SB 1360 seeks to limit the application of foreign laws in family law matters. Presently, Florida law permits, under certain circumstances, foreign laws to be considered by judges in some family law disputes. This is important and necessary in deciding certain cases involving foreign couples and families. For example, a foreign couple living in Florida wishes to divorce and their freely negotiated prenuptial agreement contains a foreign law provision. Under this bill, the prenuptial agreement could not be honored because non-Florida law applies. Thus, this unwarranted and unnecessary restriction would create great uncertainty and lead to serious difficulties in many cases. The bill is most likely unconstitutional because it violates the principal of separation of powers by limiting the court’s freedom to interpret and apply laws. There are also serious U.S. Constitution Contracts Clause issues as well as a likely violation of the federal government’s power to set unified foreign policy.
What makes matters even worse is that the proposed legislation is totally unnecessary. The bill is a “solution” for a non-existent problem: existing court precedent is sufficient to handle the issue of when foreign laws should apply in Family Court. This legislation also has the potential to create significant and serious unintended consequences that would clog up our courts for years and impose significant unnecessary costs on parties and the courts.
The bill is the latest iteration of a movement to ban the application of foreign laws generally in Florida Courts across many disciplines. The bill (and companion bill in the House) has been scaled back in the 2012 Legislative Session to only apply to family law matters. Last year, the ILS actively opposed the prior versions of the bill that went beyond the family law arena and the bills did not reach the floors of the Senate or House.

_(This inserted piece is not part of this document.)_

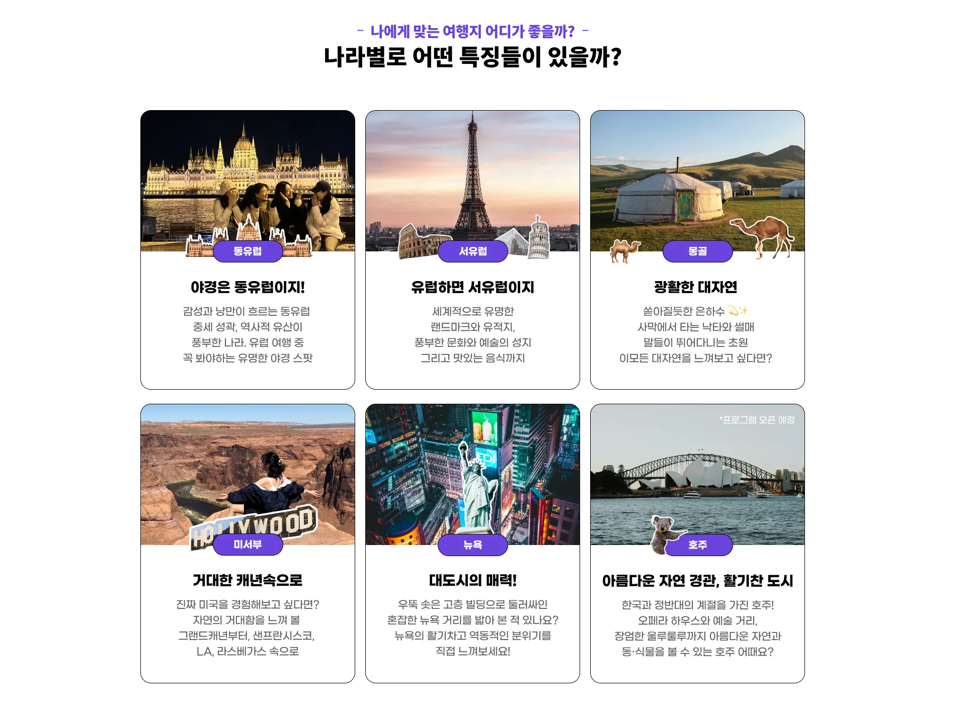 ※ 같은 나라를 가지만 여행 도시가 차이 나는 곳들은 파란색으로 표기했습니다.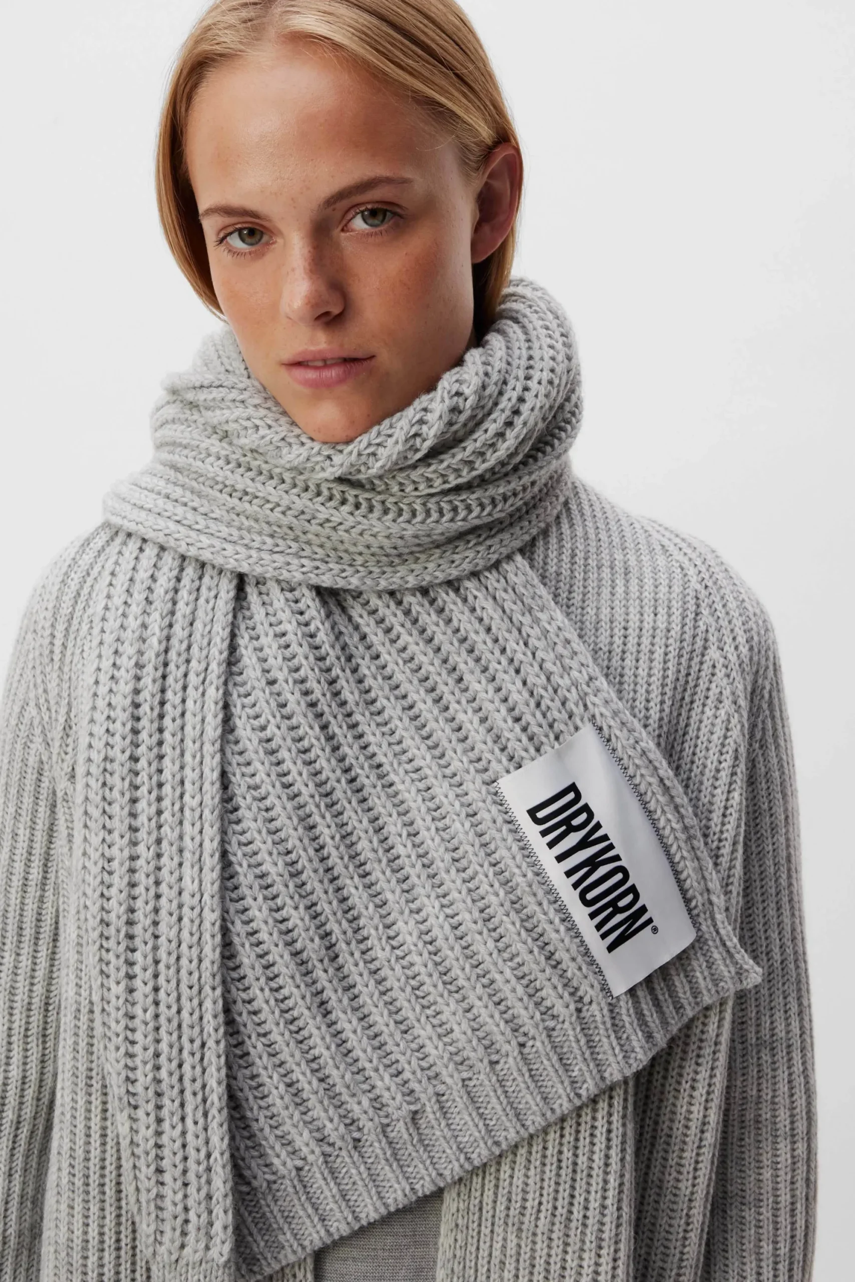 Sjaal gebreid van zacht wol-alpacamengaren. Afmetingen ongeveer: 220 x 60 cm.

Much of the same language in the 2011 bills is present in the 2012 versions.
We understand that the Family Law Section of The Florida Bar has expressed their great concerns with SB 1360 and is independently reaching out to you. Moreover, the American Bar Association has passed Resolution 113A which explicitly states their opposition to laws that try to wholesale block the application of foreign laws in U.S. Courts, which is effectively what this bill attempts to do.
Finally, we, along with many other stakeholders in the private sector and various agencies of our state and local governments, have worked diligently to develop Florida as a business gateway to Latin America and the Caribbean, and have strived to create an environment that is friendly to international businesses and tourists. The ILS has specifically worked to develop Florida as an international arbitration and mediation center for Latin America and the Caribbean. This type of legislation sends a strong message that our State is hostile to international companies and visitors and will undermine the work done to develop international business and the resulting jobs it would bring.
Your assistance is greatly appreciated.